Пистолеты принесли. Офицер с восхищением оглядел заморскую работу.

– Доброе оружие, жаль, что было у такого бунтовщика в руках.

Бумаги он перебрал, но, видимо, не нашел ничего нужного.

– Пускай он отдаст те письма.

– Господин офицер требует отдать бунтарские письма.

Курт в мгновение ока побелел точно мел. Как он мог забыть о них? Офицер приказал:

– Обыскать!

Плечистый бородач соскочил с коня. Курт понял, что больше ничто не поможет, что он все равно неминуемо погиб. Если уж конца не миновать, то по крайней мере надо держаться, как положено дворянину.

– Не надо, я сам отдам.

Он спокойно расстегнул жилет, вытащил оба письма. Офицер лишь мельком взглянул на них.

– Да, те самые, не успел еще передать. Спроси, кто их дал ему, посмотрим, признается ли.

– Офицер спросил так: скажи ты, сучий сын, от кого их получил, а не то шкуру спустим.

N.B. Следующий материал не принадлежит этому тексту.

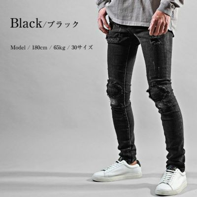 エッジの効いたデザインで魅せる mnmlのダメージスキニーデニム。

– Письма я вам отдал. А от кого получил, этого я вам не скажу, можете прикончить меня, коли угодно.

– Ну? Не признается?

– Нет. Хоть убивайте, говорит.

– По крайней мере хоть порядочный человек, не такое дерьмо, как другой.

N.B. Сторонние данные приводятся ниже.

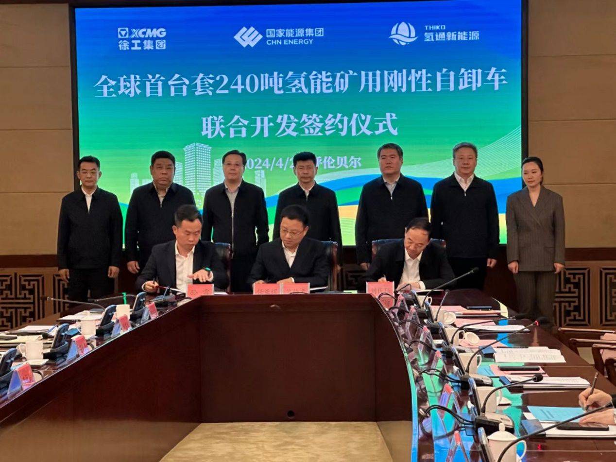 2024年4月24日下午,國家能源集團、徐工集團、氫通新能源三方在呼倫貝爾舉行全球首臺套240噸氫能礦用剛性自卸車聯合開發(fā)簽約儀式。國能寶日希勒能源有限公司總經理劉民強、徐州工程機械集團有限公司黨委副書記、集團總經理孫雷、氫通(上海)新能源科技有限公司董事長兼CEO任亞輝分別代表三方進行簽約。呼倫貝市市委副書記、市長及永乾、市委常委、常務副市長胡兆民、市政府秘書長徐景睿、市工信局局長魏云鵬、市能源局局長何偉...

– Офицер говорит, что был ты дерьмом, дерьмом и останешься, как все немцы, а все-таки ты порядочный человек. Шрадер нам сразу выложил, кому передал и сколько.

Курт вздрогнул еще сильнее, чем от хлыста.

– Не может быть, этого он вам не сказал!

– А я тебе говорю, как по книге. И притом всего на два удара больше, чем тебе, ему досталось.

Офицер поглядел на пленника, который выглядел сейчас каким-то особенно тщедушным и жалким.

– Жаль, конечно, да ничего не поделаешь. Связать все же придется, а то еще в лесу попытается бежать. Этого нам во что бы то ни стало надо доставить живьем в Ригу – кто знает, какие нити к нему тянутся.

Толмач уже поскакал к дверям каретника. Толпа боязливо расступилась перед человеком, который только что хлестнул самого барона. А у него в глазах искрилась самодовольная улыбка, вызванная этой боязнью и удивлением. Но он сразу же оценил положение, сделал: строгое лицо, уперся рукою в бок.

– Смилтниек, подай вожжи!

Даже по имени знает! Это уже совсем чудо! Люди рты разинули, хотели было кое-что и шепнуть друг другу, да как же можно осмелиться в присутствии такого важного господина? А важный господин повернулся в ту сторону, откуда девки, толкаясь, кидали восхищенные, изумленные и бог весть еще какие взгляды. Пришпорил коня, заставил его погарцевать на месте, затем припустил вскачь назад, хотя и расстояния-то не больше двадцати шагов.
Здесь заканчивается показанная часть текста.